İslam’da Kadının Eğitim ve Öğretimi

İslâm, erkeğe verdiği eğitim-öğretim hakkını kadına da vermiştir. Bu konuda müracaat ettiğimiz âyet ve hadislerin bazıları umumî bir hitapta bulunmuş ve bu umumilik içine kadını da dâhil etmiştir. Diğer bazılarında ise kadının ilim elde etme ve öğretme hakkı bizzat zikredilmiştir. Mesela
“Hiç bilenlerle bilmeyenler bir olur mu?”(Zümer Sûresi, 39/9) âyeti kadınların bilmesini de içine alacak şekilde geniştir. Kur’ân’da geçen:
“Rabbim ilmimi arttır.” (Tâhâ Sûresi, 20/114)duası, kadın ve erkek herkesin yapabileceği bir duadır.
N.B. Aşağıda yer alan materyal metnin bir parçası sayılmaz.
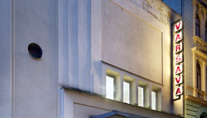 Vybudování Kinokavárny v kině Varšava je výsledkem občanské aktivity, která se snaží opravit zchátralou budovu posledního kamenného kina v Liberci a vytvořit v něm spolkový dům. Tuto krásnou stavbu navrhli v roce 1922 místní architekti Effenberger a Noppes ve stylu art-deco, investorem byl osvícený podnikatel Franz Sieber.
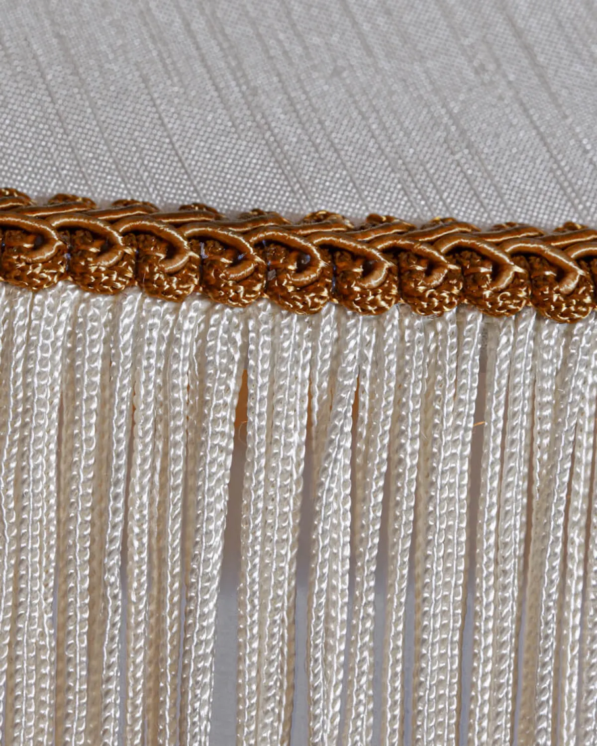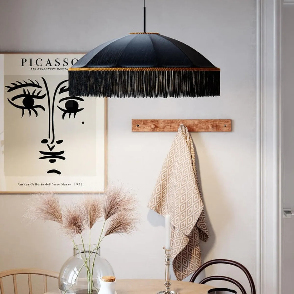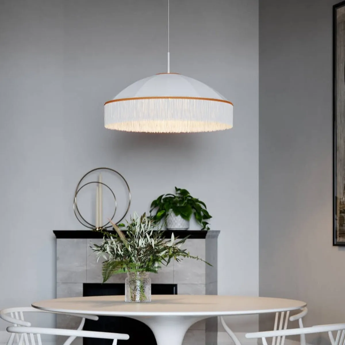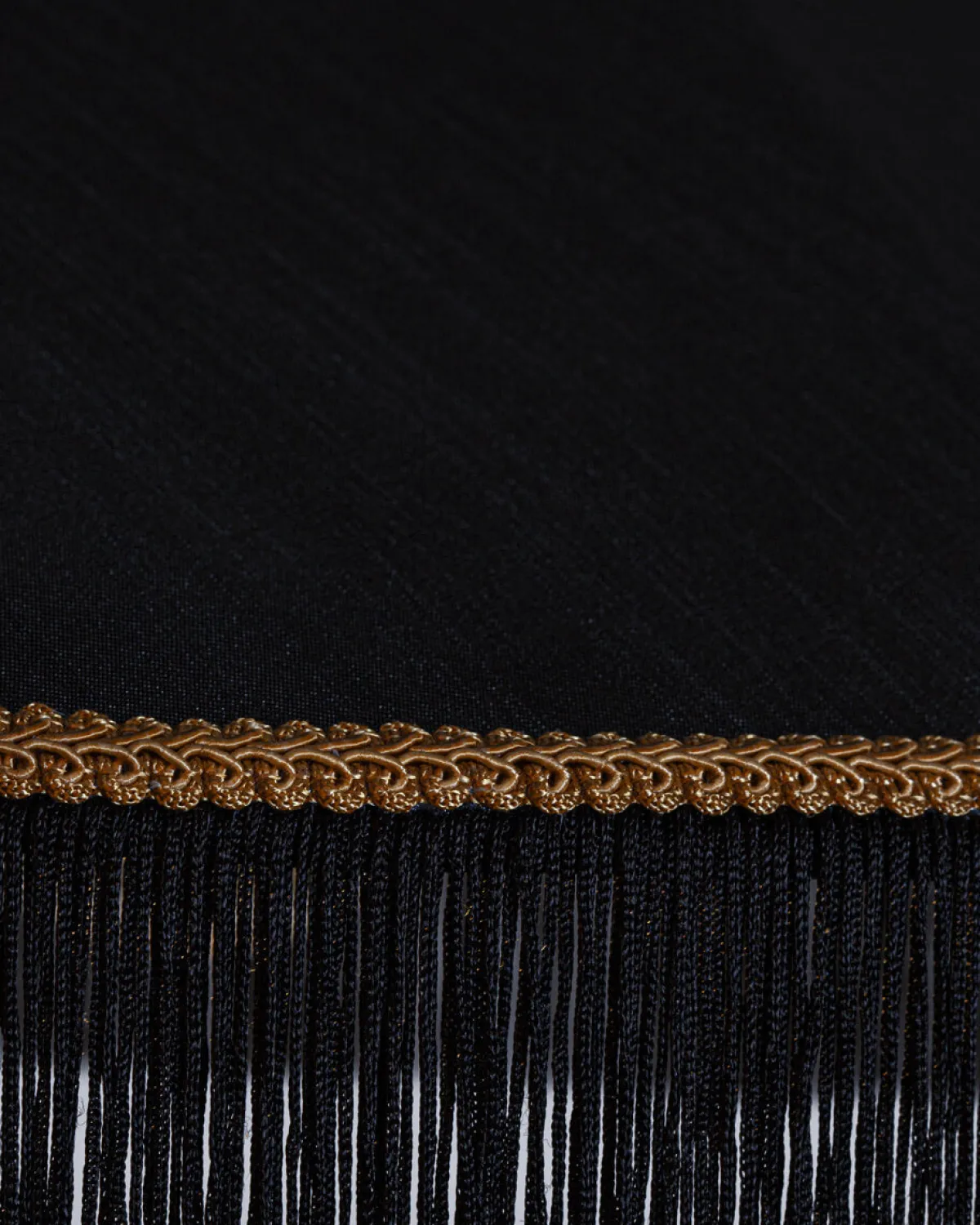 Taklampen Francis fra By Rydéns kombinerer eleganse og modernitet. Skyggen, laget av silke, er utsmykket med hengende frynser og en vakker gullkant.

“İlim öğrenmek erkek kadın her Müslüman’a farzdır.”(İbn Mâce, mukaddime 17),
“Kadınlara Cuma, cihad ve cenaze hariç erkeklere farz kılınan her şey farz kılınmıştır.”(Abdurrezzâk, Musannef, 5/298) gibi hadislerde ise kadın ayrıca zikredilmektedir. Peygamber Efendimiz’in cariyeler hakkındaki şu beyanları, değil hür kadınların, köle kadınların bile ilim öğrenme konusundaki haklarını ortaya koyar: “Bir insanın cariyesi olur, ona güzel bir tahsil ve eğitim verir, sonra da onu azad ederse, Allah onu iki katıyla mükâfatlandırır.”(Buhârî, cihâd 145)
Kur’ân ve hadislerde kadınlara tanınan eğitim-öğretim hakkı, Efendimiz zamanında pratik hayatta uygulanmış daha sonraki devirlerde de bu istikamette devam etmiştir. Peygamber Efendimiz (sallallahu aleyhi ve sellem) zamanında, erkeklerle beraber kadınlar da camiye geliyor, verilen vaaz ve hutbelerden, yapılan sohbetlerden onlar da istifade ediyorlardı. Sorusu olan bir kadın, ya Peygamber Efendimiz’e (sallallahu aleyhi ve sellem) gelip bizzat soruyor ya da bir aracı vasıtasıyla iletiyordu. Genç bir kız, kendisini istemediği bir erkekle zorla evlendirmek isteyen babasını gelip Allah Resûlüne şikâyet edebiliyor, Peygamber Efendimiz de babasıyla konuşuyor ve neticede kızı haklı buluyordu. Bir kadın, gelip kocasının kendisini haksız yere boşadığını söylüyor, yuvasının dağılmaması için yalvarıyor, ardından gönülleri rahatlatıcı hükümleri bildiren bir âyet iniyordu. Esma Validemiz geliyor Efendimiz’e kadınlara ait hususi bir soru soruyor, mahrem bir mevzu olmasına rağmen soru sormaktan sıkılmıyor, Efendimiz ise bu sorulara gayet açık ve tatmin edici cevaplar veriyordu. İşte kadın, Allah Resûlü zamanında derdini anlatma, ihtiyaçlarını dile getirme, soru sorma ve ilim alma konusunda bu kadar rahattı. Daha önce insan yerine konmayan bu muallâ varlık, İslâm’ın gelmesiyle büyük bir mevki kazanmış ve esas olması gereken yere çıkmıştı.